Armoured car service

4 (1) An applicant for a security business licence to carry on an armoured car service must file with the registrar particulars required by the registrar of all persons to be employed by the armoured car service.

(2) A security business licensed as an armoured car service and its employees may, when authorized by the registrar in writing, temporarily guard premises to or from which it transports property, valuables or money, without obtaining additional licences under this Act.

Licensee’s activities restricted

5 (1) In this section, "collector" and "collection agent" have the same meanings as in the Debt Collection Act.

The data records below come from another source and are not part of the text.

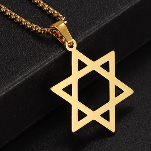 大きめの金色の六芒星のダビデスターを甲丸リングチェーンに通したサージカルステンレス316L製ネックレス。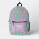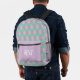 This modern preppy style lavender, pink and green argyle and stripes backpack features coordinating patterns and monogrammed initials. It's a traditional patterned design with a pretty and girly update that would be cute for a girl to carry her school or sports gear. Grab one for back to school time, or as a feminine addition for her to use for travel, camping, hiking, or anywhere you'd need to carry supplies. Great for kids, tweens, a teen girl, or adults.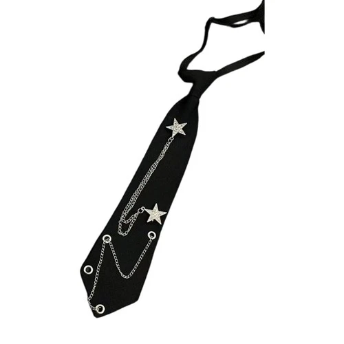 Punk Star Chain Decors Neck Tie JK Costume Everyday Wear Uniform Tie for Student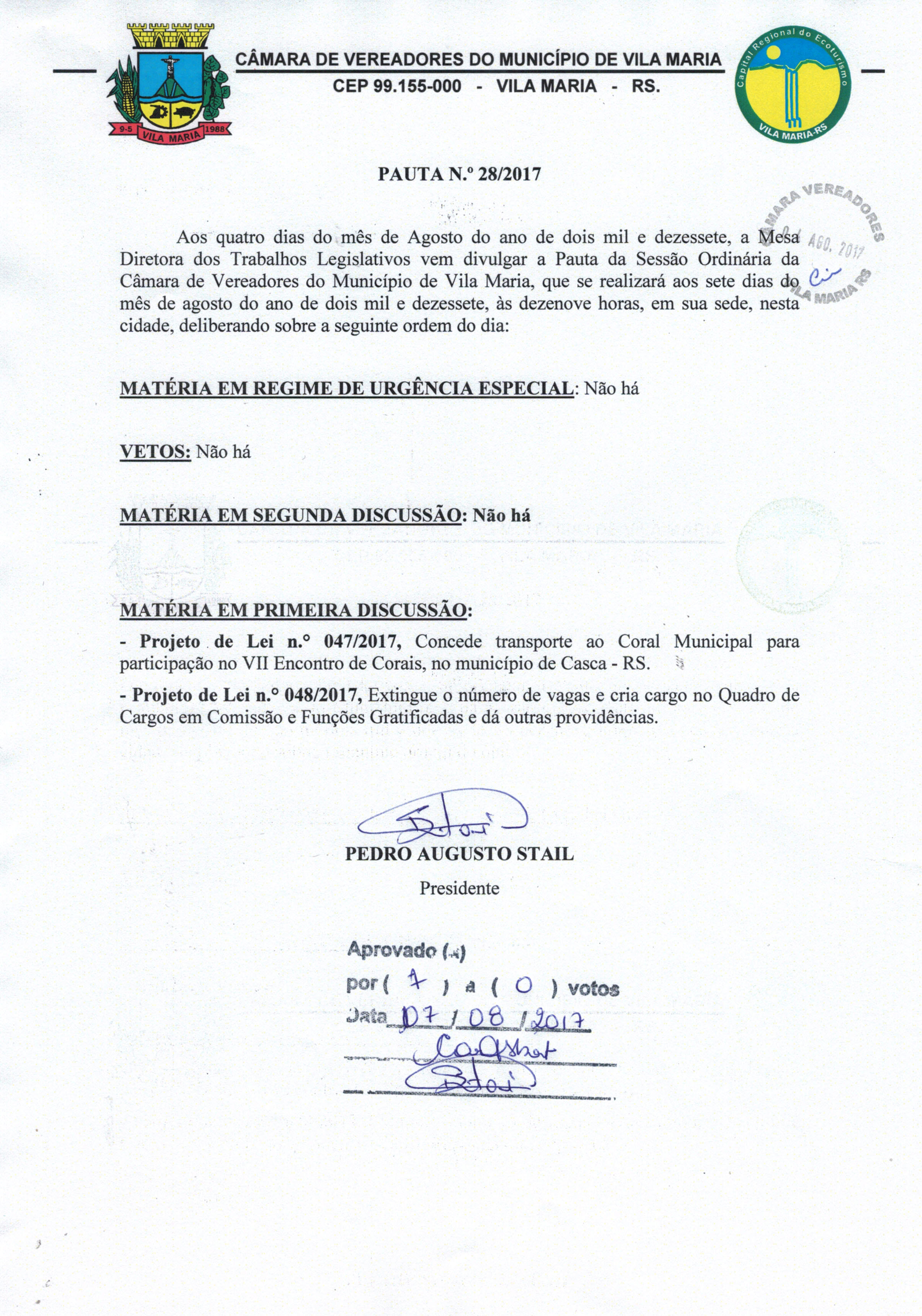 Pauta 028/2017 aprovada

(2) A person licensed under this Act must not

(a) act as a collector, collection agent or bailiff, or

(b) without the consent of the registrar, act as a peace officer.

Corporations

6 A corporation applying for a security business licence must, in addition to any other disclosure required under this Act, file with the registrar a statement disclosing all of the following:

(a) the name of every director and of every senior officer, as defined in the Company Act, of the corporation;

(b) the name of every person who holds shares of the corporation carrying more than 30% of the votes for the election of directors and whether the shares are held beneficially or in trust;

(c) if a person whose name is disclosed under paragraph (b) holds the shares in trust, the name of the person for whom they are held beneficially;

(d) if a person whose name is disclosed under paragraph (b) or (c) is a corporation, the same information about the corporation as is required about the corporation filing the application for a licence;

(e) other information the registrar requires to enable the registrar to identify the individuals who control or are able to control the corporation.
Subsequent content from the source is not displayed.